Morning lovely Sisters in Christ,

This lil song is stuck in my head and this thought came to me.... why don't we count our blessings... we'll SEE what God is doing in our lives:
_
Count your blessings, name them one by one,
Count your blessings, see what God hath done!
Count your blessings, name them one by one,
And it will surprise you what the Lord hath done_

http://www.youtube.com/watch?v=1Ox75f3HWBA

Who wants to go first?

*STAY BLESSED TODAY!!!*


----------



## Crown (May 9, 2012)

I am in Christ!


----------



## Crown (May 9, 2012)

I am alive!


----------



## Crown (May 9, 2012)

I am healthy!


----------



## Crown (May 9, 2012)

I am a woman!


----------



## Crown (May 9, 2012)

I have a family.
...
...
...


----------



## ivyness (May 9, 2012)

I have a fiancé who loves me
I have a fiancé who would give me the world
He has given me a dream home (closing tomorrow) and my dream puppy in the last 7 days.
I had my father for 28 years and not for 1 day did I have to worry about a thing. From changing a flat tyre to every little bill!! Not once was I late paying anything and I went to sleep every night feeling safe and secure.
I have a puppy who thinks the world revolves around me.
I have a roof, food, bills are paid and I don't have to worry about those things (bigger things to worry about).

Count your blessings.


----------



## LucieLoo12 (May 9, 2012)

I have a heart and a desire to seek after God...


----------



## Laela (May 9, 2012)

That's indeed a blessing, Crown...  




Crown said:


> I am a woman!


----------



## Laela (May 9, 2012)

ivyness... wow!!! Blessed, you are... congrats on the new home and upcoming nuptials. God is good.


Amein~


----------



## auparavant (May 9, 2012)

That G-d gave confirmation that that divine chapelet prayer and promise was true for the person close to me who was recently murdered. They are at peace, in heaven.

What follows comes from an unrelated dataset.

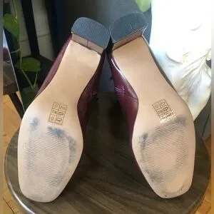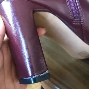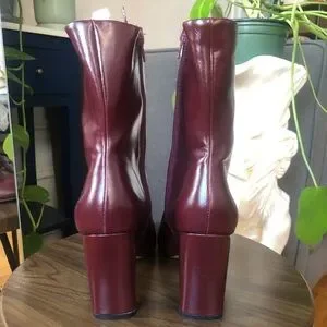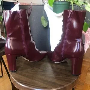 These burgundy leather look sassy boots are a must! Side zipper closure with front lace tie, chunky 3.8 inch heel in new condition as they were worn once indoors. Minor imperfection on heel as pictured but Does not take away from the quality or performance of the actual boot. No box
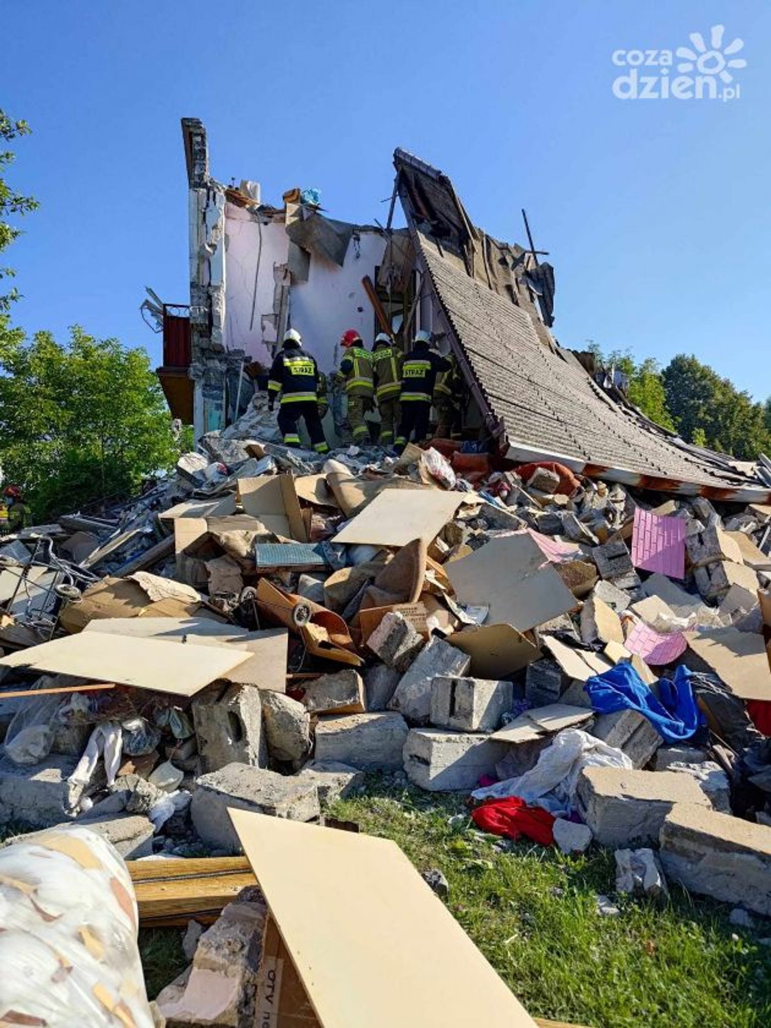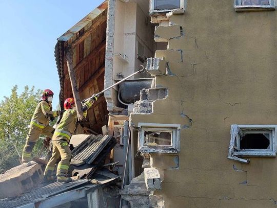 Zgłoszenie służby otrzymały we wtorek po godz. 8.00. Wynikało z niego, że doszło do wybuchu 11 kilogramowej butli gazowej. Na miejscu okazało się, że większa część budynku uległa zniszczeniu. Pod warstwą gruzu prawdopodobnie znajduje się kobieta. Na miejscu pracuje siedem jednostek i udają się kolejne, w tym specjalistyczna grupa poszukiwawczo - ratownicza z Kielc.

That G-d has protected me and my family and will continue to do so.  

The those I thought had abandoned me have returned with such an outpouring of love and concern and help.

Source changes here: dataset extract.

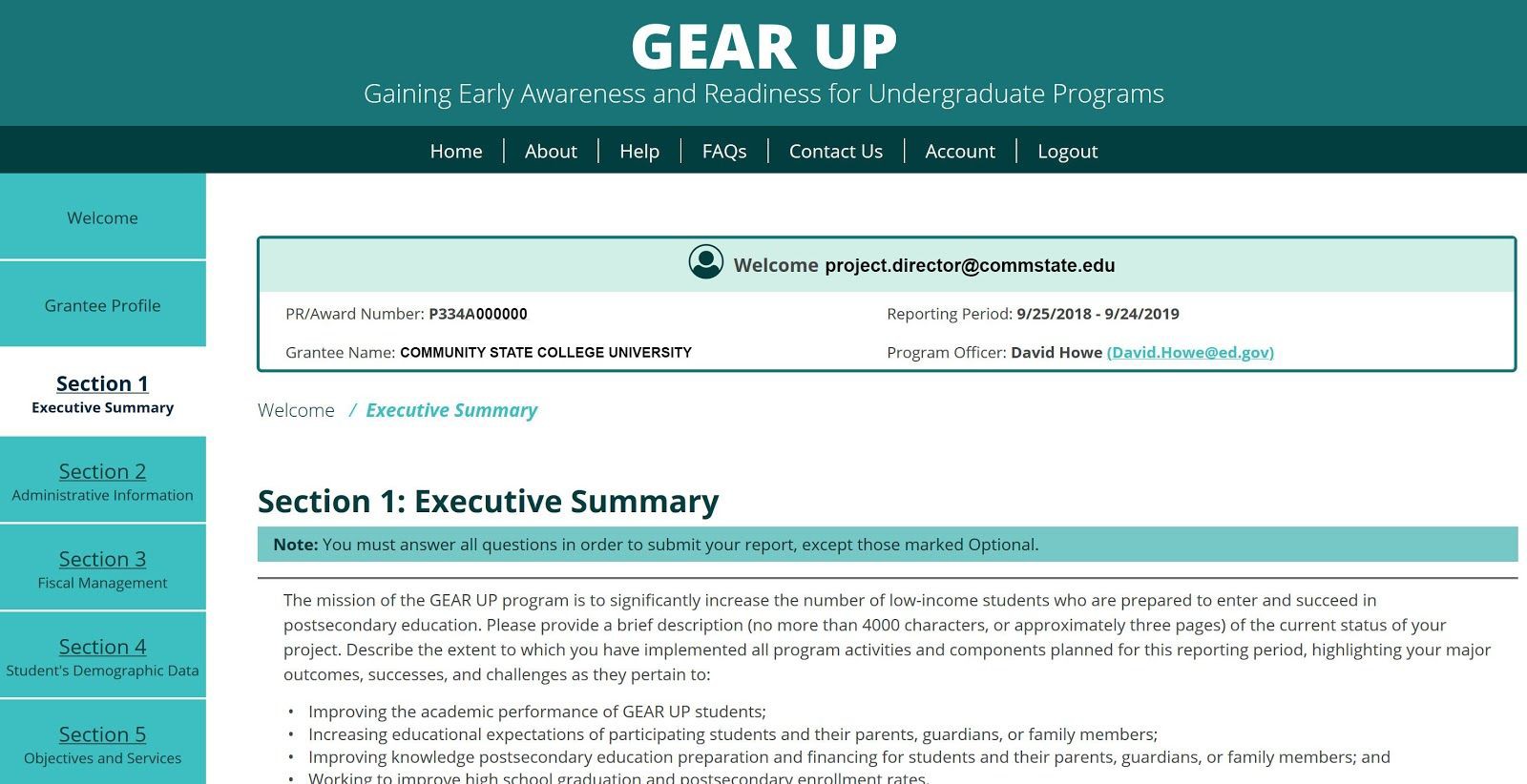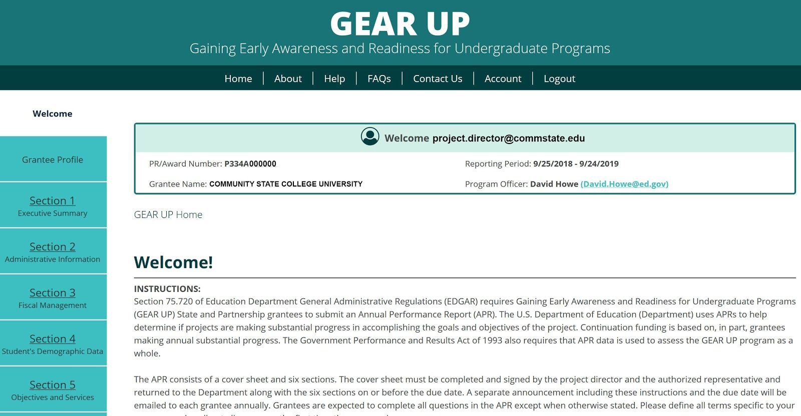 This page provides a quick overview of the GEAR UP Annual Performance Report system and how to use it. We recommend you review the entire User Guide to learn more about how each part of the system works so you can fully understand the GEAR UP annual performance reporting process.

That I moved here based upon His will and that He continually shows this to me.

That He sends hope for me to trust in future...not stemming from me, but is solely Him speaking to me.


----------



## Laela (May 9, 2012)

1) Blessed with a praying Mom...literally rolls out of bed onto her knees in the mornings... lol
2) God has kept me safe from harm and danger, from the time I was born
3) I'm blessed, to be a blessing to others
4) I have communications with my loved ones
5) I get to wake up in good spirits, with a song priasing God on my mind...this morning, it was Mamite
6) I have a loving, supportive hubby
7) My nephew is growing up into a fine young man
8) I have  a pastor who is not afraid to admit his faults and is growing before his congregation
9) The best lessons I've learned involved God in some form
10) Haven't been to a funeral since 1996
11) Thankful to God for His Blessed Assurance
12) I can freely read my Bible anywhere


----------



## Rainbow Dash (May 9, 2012)

Christ saved me!!

Salvation is the Best Gift I have ever received!!


----------



## LifeafterLHCF (May 9, 2012)

Im in pain so that tells me I'm alive
I'm in bed so that tells me I have shelter
I have food in the fridge
I'm seeking God for a transformation in me
I'm learning how self love


----------



## sidney (May 9, 2012)

Crown said:


> I am alive!


 
Amen! And alive in Christ at that! Gal 2:20   Let me tip toe out this thread before I embarass myself in public.


----------



## LoveisYou (May 9, 2012)

1. I've been delivered from a lot
2. I have a loving mother and sister
3. I'm about to graduate
4. I'm healthy
5. I am in my right mind
6. I have food on the table, clothes on my back and a roof over my head
7. I have good friends and people who care about me


----------



## sidney (May 9, 2012)

Crown said:


> I am in Christ!


 Yeessss!!   Okay, too late!


----------



## sidney (May 9, 2012)

Laela said:


> 1) *Blessed with a praying Mom...literally rolls out of bed onto her knees in the mornings... lol*
> 2) God has kept me safe from harm and danger, from the time I was born
> 3) I'm blessed, to be a blessing to others
> 4) I have communications with my loved ones
> ...


 
Yeessss!!!!  Thank you for praying moms and grandmothers!   Yesss!!!!Amen to 2-12 as well, you are indeed blessed!  Whew!


----------



## sidney (May 9, 2012)

I am saved, thank God!  I am still in the land of the living, with an opportunity to repent and serve him!  Christ died for me!


----------



## Laela (May 9, 2012)

Love it!  Don't forget blessed with a great eye for fashion... 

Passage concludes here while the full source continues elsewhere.